Sequencing per pool	200	400	600	800	1000
2 lanes	$3,650	$4,050	$4,450	$4,850	$5,250
4 lanes	$6,650	$7,050	$7,450	$7,850	$8,250
6 lanes	$9,650	$10,050	$10,450	$10,850	$11,250
8 lanes	$12,650	$13,050	$13,450	$13,850	$14,250
10 lanes	$15,650	$16,050	$16,450	$16,850	$17,250
12 lanes	$18,650	$19,050	$19,450	$19,850	$20,250
16 lanes	$24,650	$25,050	$25,450	$25,850	$26,250
Individual prep.	$125,000	$250,000	$375,000	$500,000	$625,000

4. Discussion

Our simulation showed that there are several important factors to consider when designing a pooling study. Those factors include sample size, targeted MAF, and, most importantly, the depth. The sample size directly affects the ability to detect rare SNPs. Larger pool size will increase the accuracy of MAF estimation with the same per sample depth but will not have much effect with the same overall depth. Similarly, with the same pool size, increasing depth will decrease relative RMSE. Our simulation also showed that pooled sequencing is not ideal for estimating the MAF of rare SNPs. The relative RMSE is much higher for SNPs with MAF < 1% compared to SNPs with MAF > 5% (Figure 1).

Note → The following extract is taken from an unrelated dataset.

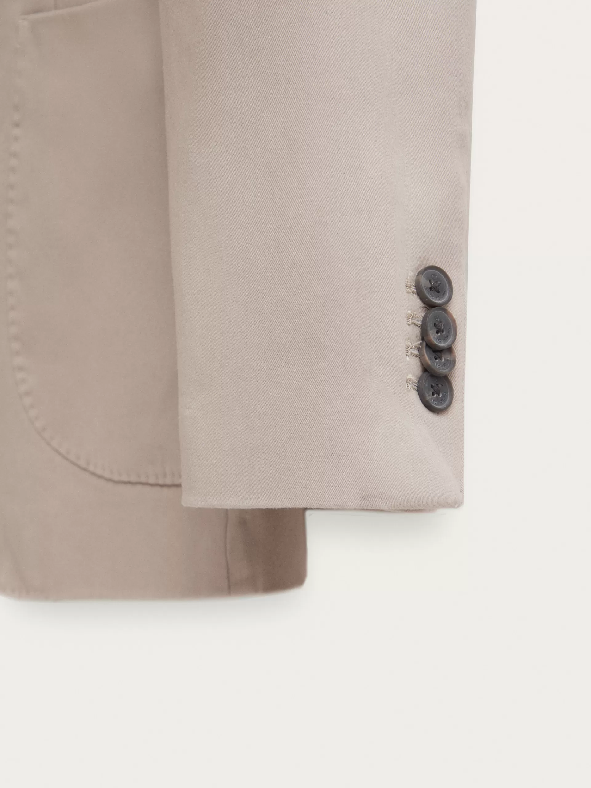 Americana confeccionada en tejido de algodón de corte slim fit. Cuenta con cuello y solapa, cierre central simple mediante dos botones y puños con botones decorativos. Pinzas en el frontal, dos bolsillos de parche en la cintura y un bolsillo a la altura del pecho. Dos bolsillos en su interior.

Sequencing pooled DNA will ease financial burdens and make large association possible. At the same time, however, pooling introduces additional errors. A majority of the errors are caused by the unequal representation of each sample's DNA in the pool. This unequal representation could be due to human or machine error, which we have considered in our simulation. There are other factors which can also cause the unequal representation, such as a sample's DNA quality and variation introduced in the PCR/amplification stage. Unfortunately, we can only minimize such errors and variation using more sophisticated lab techniques. Even if every sample is equally represented in the pool, the sequenced data still do not truly reflect the equality due to sampling variance. Based on our simulation results, when designing a pooling study, we recommend the following: larger pool size is better, and higher depth is better. More elaborately, it is better to keep balance between pool size and depth. We recommend keeping the average depth per sample at 10 minimum if rare SNPs are not of interest; otherwise, average depth per sample at 20 minimum is highly recommended.